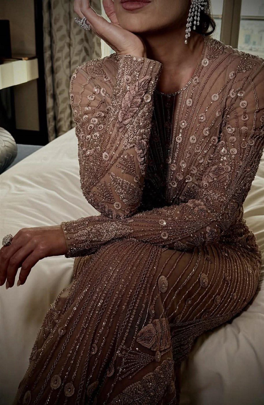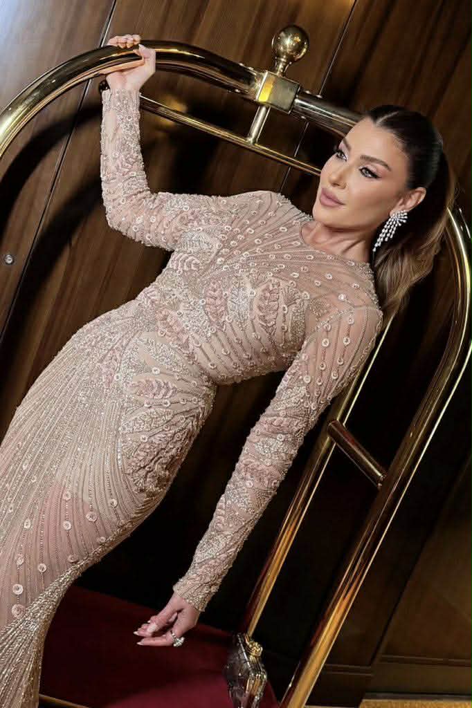 وبدت ريتا حرب بإطلالة لافتة، حيث ارتدت فستانًا طويلًا مجسمًا بأكمام طويلة، صُمّم من قماش التل المطرز باللون البيج، وعكس الفستان قوامها الرشيق ووزنها المثالي. وحمل الفستان توقيع مصمم الأزياء إيلي صعب.
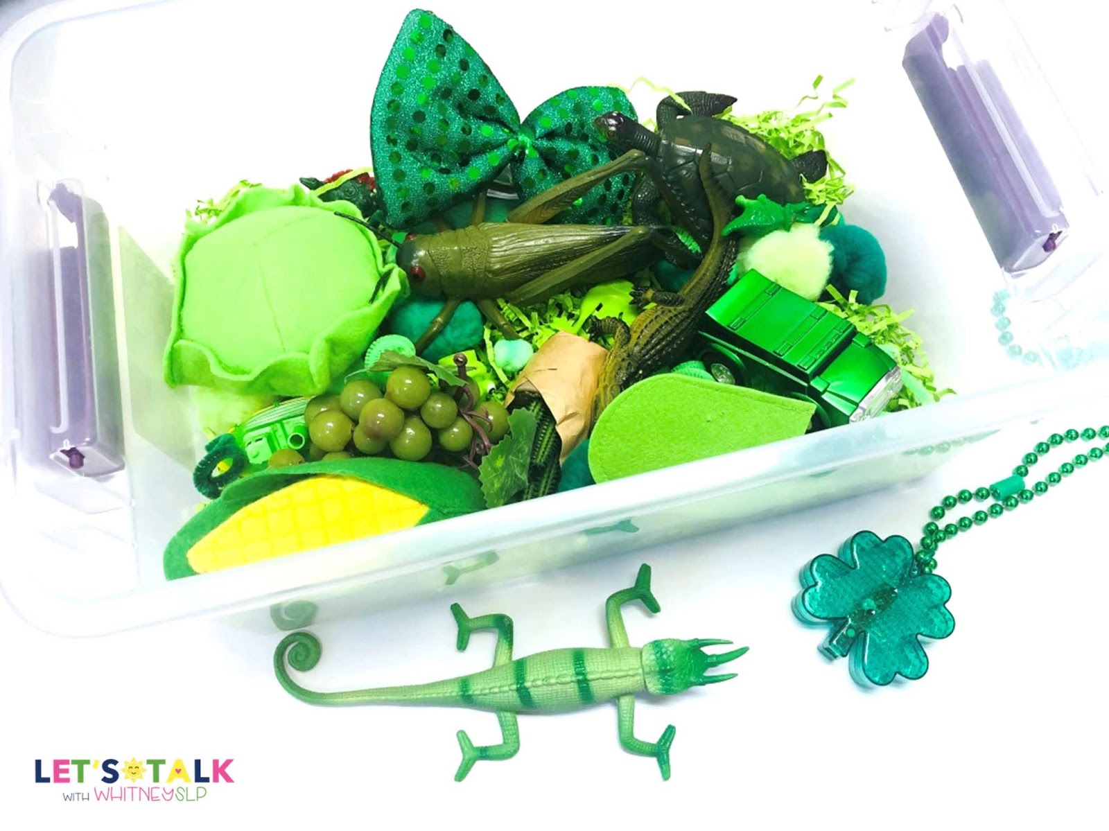Ok, I’ll admit. I’m pretty excited about this one. Several years ago, I introduced sensory boxes into my therapy sessions for pre-school and some of my younger self-contained classrooms. My older students would come to therapy and have a fit to use them too. While I don’t always use sensory boxes with the older kids, there is a lot to say for the excitement and engagement they bring. And usually when a student is that excited and engaged, a good bit of communication will follow. For Saint Patrick’s Day, I threw together this “green” sensory box in about 10 minutes with items I already had in my therapy room and at home. If you do buy green things, I’d check out Dollar Tree first!!
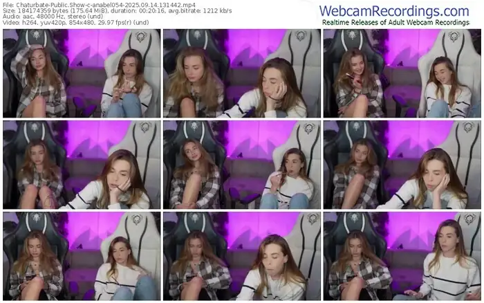 There are a total of 8,278 recordings (7,591 hours) of anabel054 from Chaturbate and Dreamcam available below.
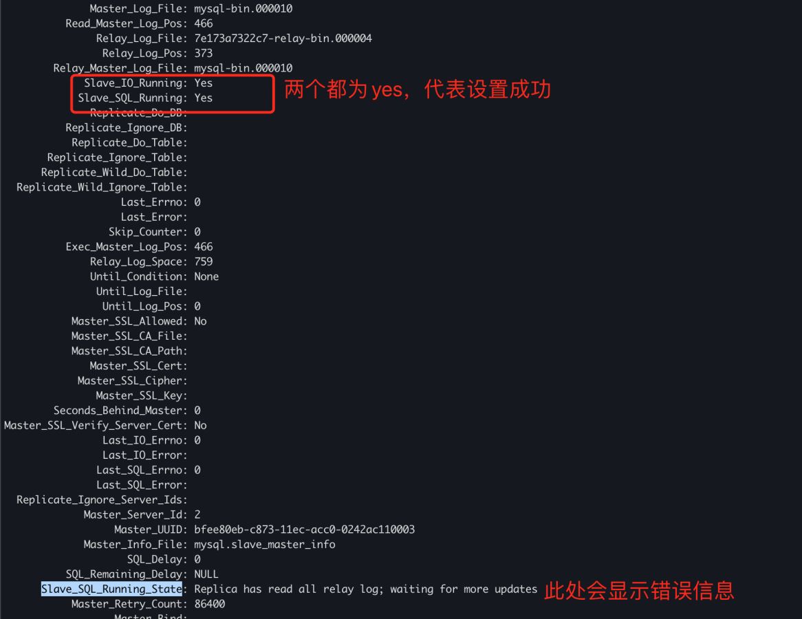 配置过程中可能会出现一些错误,利用 show slave status\G 可以查看具体错误信息,不过也有可能出现命令操作太快,还未链接成功的情况。本人还遇到过主的账号(slave账号)需要在主的服务器登录一次,从服务器才能链接成功的情况,暂时不确定什么原因,有知道的可以留言,非常感谢
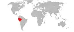 Цей вид живе в басейні Амазонки: Колумбія, Еквадор, Перу і Бразилія на захід від Ріо-Негро і р. Журуа. Вертикальний діапазон поширення до 2000 м н.р.м. Уподобання середовища проживання і екології цього виду невідомі. населяють оповиті туманом ліси, але, схоже, полюбляють пальмові ліси.

--*--

What you need to do —
Every entry, exactly as written: transcribe it, passing over any pictures.

Your response —
 وبدت ريتا حرب بإطلالة لافتة، حيث ارتدت فستانًا طويلًا مجسمًا بأكمام طويلة، صُمّم من قماش التل المطرز باللون البيج، وعكس الفستان قوامها الرشيق ووزنها المثالي. وحمل الفستان توقيع مصمم الأزياء إيلي صعب.
Ok, I’ll admit. I’m pretty excited about this one. Several years ago, I introduced sensory boxes into my therapy sessions for pre-school and some of my younger self-contained classrooms. My older students would come to therapy and have a fit to use them too. While I don’t always use sensory boxes with the older kids, there is a lot to say for the excitement and engagement they bring. And usually when a student is that excited and engaged, a good bit of communication will follow. For Saint Patrick’s Day, I threw together this “green” sensory box in about 10 minutes with items I already had in my therapy room and at home. If you do buy green things, I’d check out Dollar Tree first!!
 There are a total of 8,278 recordings (7,591 hours) of anabel054 from Chaturbate and Dreamcam available below.
 配置过程中可能会出现一些错误,利用 show slave status\G 可以查看具体错误信息,不过也有可能出现命令操作太快,还未链接成功的情况。本人还遇到过主的账号(slave账号)需要在主的服务器登录一次,从服务器才能链接成功的情况,暂时不确定什么原因,有知道的可以留言,非常感谢
 Цей вид живе в басейні Амазонки: Колумбія, Еквадор, Перу і Бразилія на захід від Ріо-Негро і р. Журуа. Вертикальний діапазон поширення до 2000 м н.р.м. Уподобання середовища проживання і екології цього виду невідомі. населяють оповиті туманом ліси, але, схоже, полюбляють пальмові ліси.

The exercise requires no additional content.